A small quantity of gold was found in the district in the 1860s, but not enough to attract significant mining activity. The town remained a small service centre for the region. The original police station, from the 1860s, has been largely replaced by a newer building. The main street, Melrose Street, is lined with plane trees.

Mount Pleasant was the centre of its own municipality, the District Council of Mount Pleasant, from 1935 until 1997 when it was divided between the larger Barossa Council and Mid Murray Council. Mount Pleasant township is now part of the Barossa Council.

=== Heritage listings ===

Mount Pleasant has a number of significant heritage-listed sites, including:

- 'Kent Farm' – 3184 Eden Valley Road: Historic Cottage and Barn (Circa 1840s).
- 27 Melrose Street: Mount Pleasant Police Station and Cells
- Walker Flat-Mount Pleasant Road: Rosebank Shearing Shed

== Geography ==

Mount Pleasant is located 10 km north-east of Birdwood heading towards Springton, Eden Valley and Angaston.

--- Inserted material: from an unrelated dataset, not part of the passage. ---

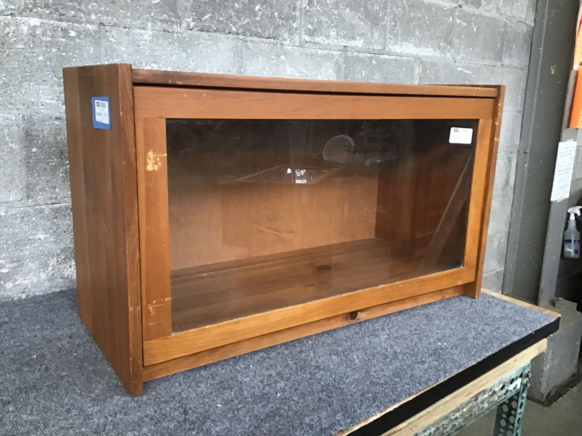 Replace your milk crates for this solid wood record storage bench. The glass door tilts up and stores away inside like a barrister cabinet but is sturdy enough to sit on. Cosmetically it has some scratches and scuffs but is structurally sound. Add a pad and you've got a great versatile storage bench.

At the ABS 2001 census, Mount Pleasant had a population of 529 people living in 240 dwellings.

== Facilities ==
Mount Pleasant has a primary school, kindergarten, a district hospital, post office, CFS (country fire service) station, butcher, golf club, bowling club, tennis club, pharmacy, two bakeries, two pubs, two hairdressers, Wilksch's garage, crash repair, showgrounds featuring the annual Mount Pleasant show, a weekly Saturday Farmer's market, caravan park, RSL and a football club.

== Transport ==
A coach is operated from Tea Tree Plaza Interchange to Gumeracha and Mount Pleasant by Affordable Coachlines. A private coach service also goes from Birdwood to the Barossa Valley via Mount Pleasant.

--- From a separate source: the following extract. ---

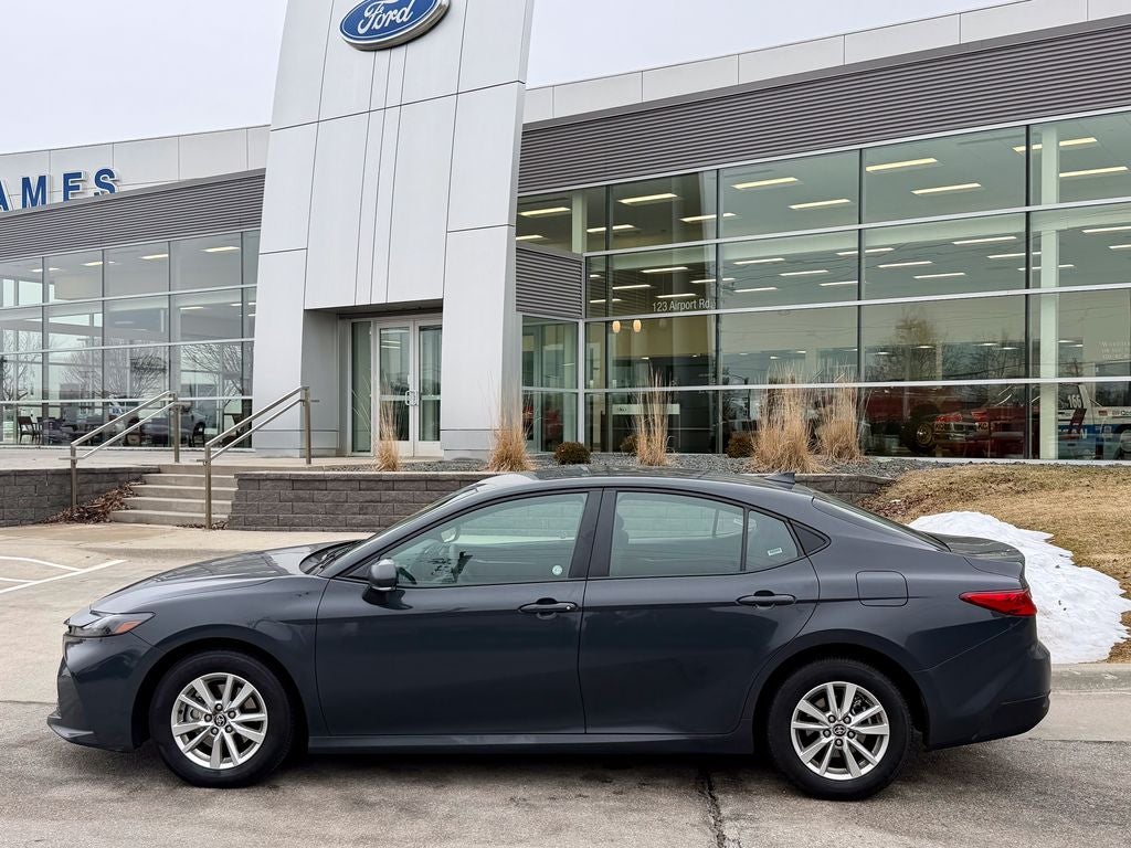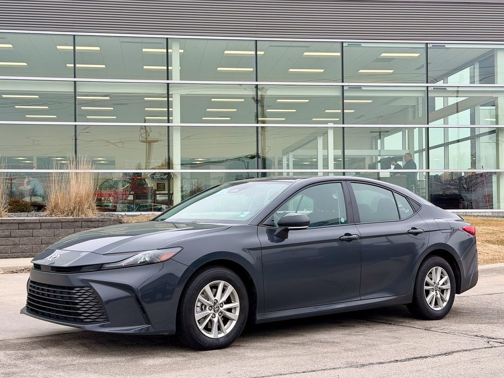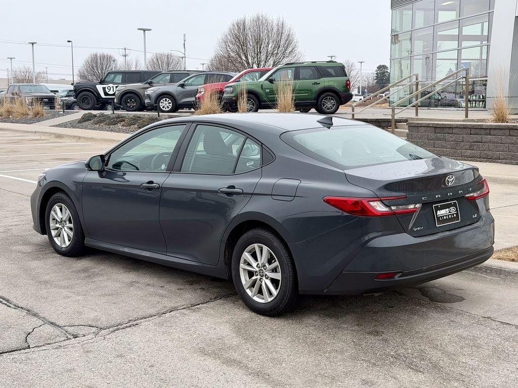 The 2025 Toyota Camry LE offers a refined blend of modern style and exceptional efficiency, finished in a distinctive Heavy Metal with Black accent exterior. Powered by a responsive 2.5L 4-cylinder engine delivering 203 horsepower and 184 lb-ft of torque, this iconic sedan provides smooth, confident performance for daily commuting through its advanced 8-speed automatic transmission and confident front-wheel drive. The well-equipped LE trim outfits the Camry with distinctive 16-inch alloy wheels, all-season touring tires, and a bold, aerodynamic design with black accents. Inside, you'll find premium cloth seating surfaces, a tilt/telescoping steering wheel with audio and cruise controls, and contemporary interior accents. The spacious and thoughtfully designed cabin offers impressive passenger and trunk space, along with dual-zone automatic climate control and an 8-inch touchscreen Toyota Audio Multimedia system. Advanced technology features include the Toyota Audio Multimedia system with wireless Apple CarPlay and Android Auto integration, Bluetooth hands-free connectivity, and available Wi-Fi Connect. The Camry LE also boasts Toyota Safety Sense 3.0 as standard including pre-collision warning and lane departure alert, a rearview camera, and available blind spot monitor for enhanced safety, confidence, and peace of mind on every journey.

Mount Pleasant was once the terminus of the South Australian Railways' Mount Pleasant railway line which branched from the Adelaide to Murray Bridge line at Balhannah. The line opened on 16 September 1918 and was closed on 4 March 1963, following improved road conditions via the Adelaide-Mannum Road. It was taken up shortly after. The former rail corridor can still be seen from a few roads, and is gradually being converted, from Balhannah towards Mount Pleasant, into a cycling, walking and horseback riding trail known as the Amy Gillett Bikeway. As of 2015, this conversion had reached Mount Torrens.